Death, like poverty, is subject to the law of attraction: "[P]eople once lived for hundreds and hundreds of years," she writes, citing "ancient texts" as her authority. "So what's happened? People changed what they believed."
You know, some of the smartest people in history have asked what the core principles of the universe are, and they've often been people with deep cultural roots and an entirely human predisposition to hope that the cosmos revolves around them. And in every case, they've failed to find evidence of the beneficent love and charity that they had hoped would come sleeting in to Earth from the farthest reaches of the firmament, and instead found only impersonal forces like gravity and electromagnetism and cosmic rays and deep forces that draw particles together or fling them apart. We live in an impersonal universe where hydrogen vastly outweighs our brains and where the dominant environment is an icy cold emptiness filled with unbreathably attenuated gases and pierced by scattered photons and fleeting subatomic particles.

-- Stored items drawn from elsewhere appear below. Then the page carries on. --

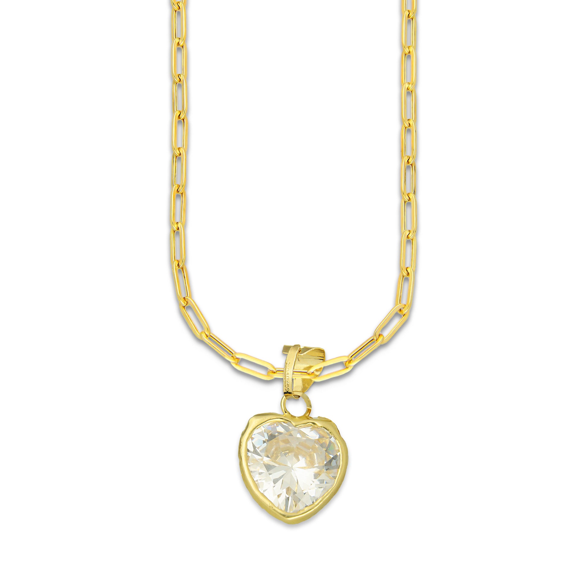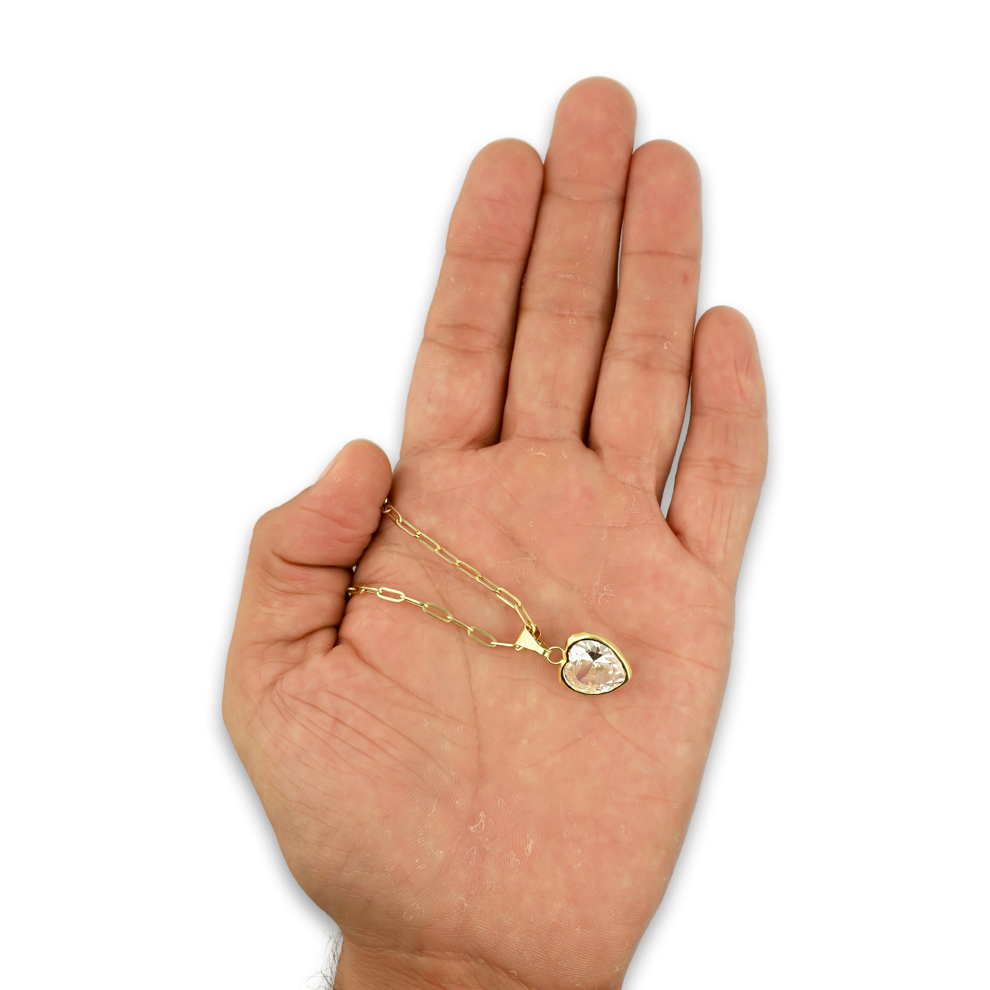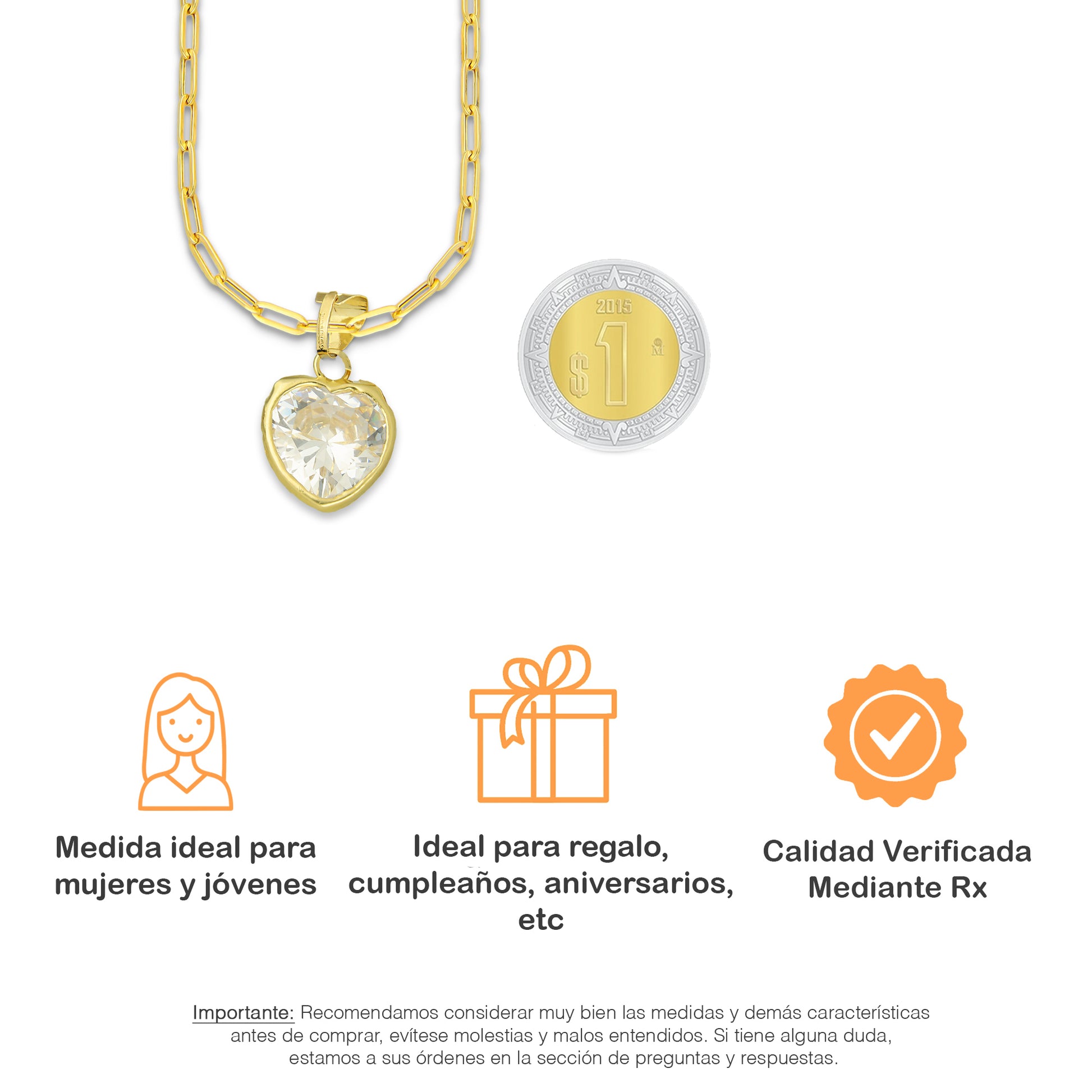 MR10DP103 Cadena Oro Sólido 10K + Dije Oro Sólido 10K EM Corazón con Bisel Liso Blanco 1.3 cm x 2.2 cm
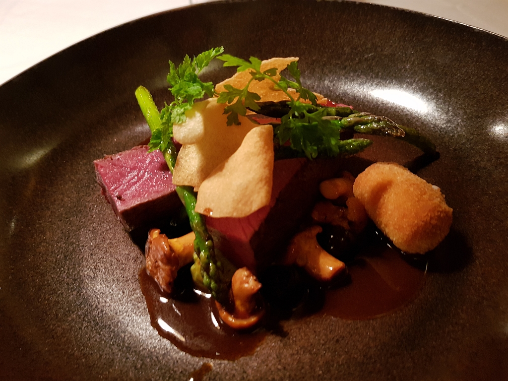 Dann der Hauptgang: Reh & Reherl mit Vogelmiere, Bimi, Heidelbeeren und Croquette.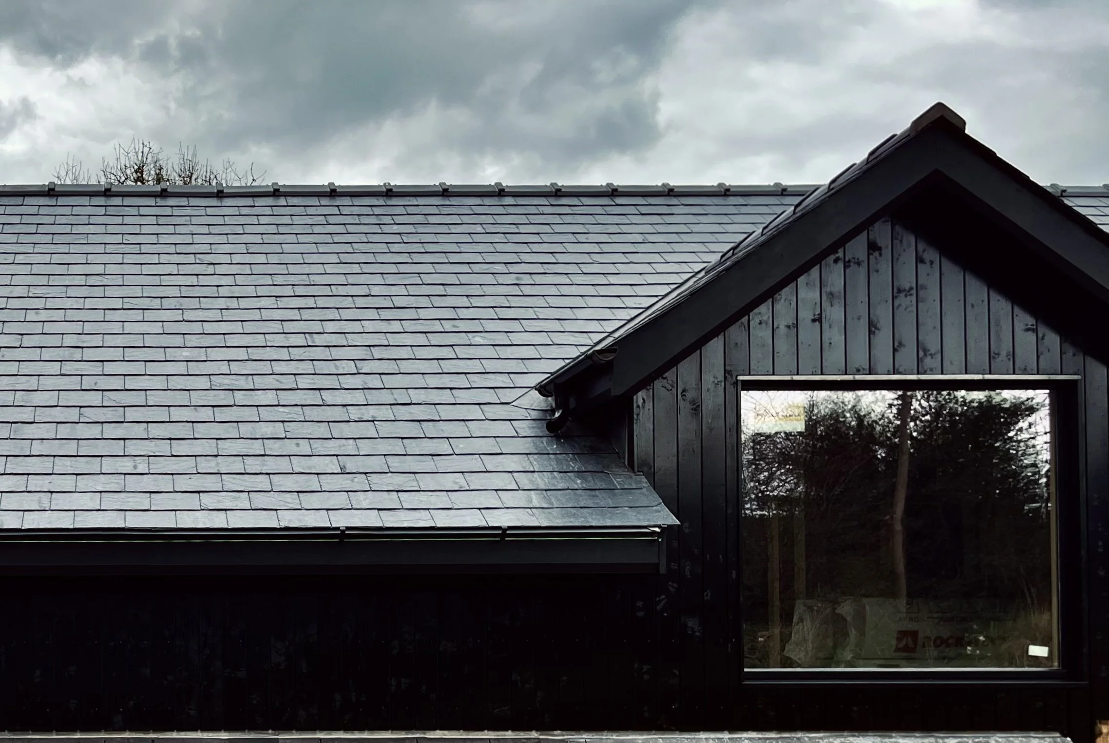 Roof coverings, roof lights and solar panels installation. Powder-coated steel gutters and downpipes, and fascias and barge.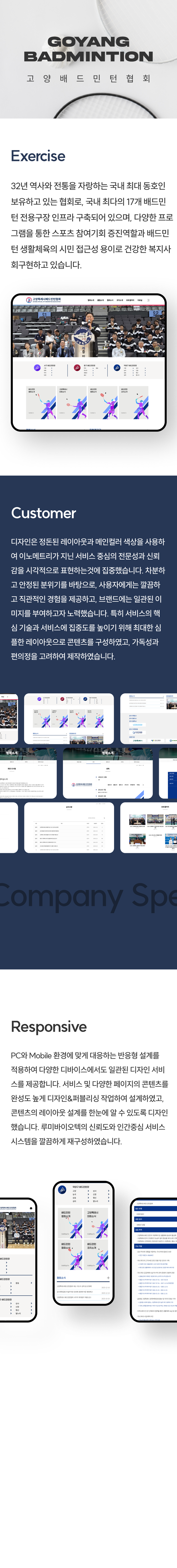 지역 배드민턴 커뮤니티를 위한 정보 제공과 소통을 중심으로 설계되었습니다. 전체적인 디자인은 깔끔하고 직관적인 레이아웃을 통해 사용자 친화적인 경험을 제공합니다. 주요 색상은 블루와 화이트 계열로 구성되어 있으며, 이는 신뢰성과 청결함을 시각적으로 표현하였습니다.

The real secret is that the universe doesn't give a goddamn about us, doesn't dream, doesn't wish, doesn't hope. The real power is that science gives us the tools to wrench the pointless detritus of reality into the shape that we dream of, to impose our wishes on the substrate. We don't achieve that by lying abed and hoping really hard, though — we do it with work and real knowledge. The shortcuts of lotus eaters like Rhonda Byrne are entirely illusory.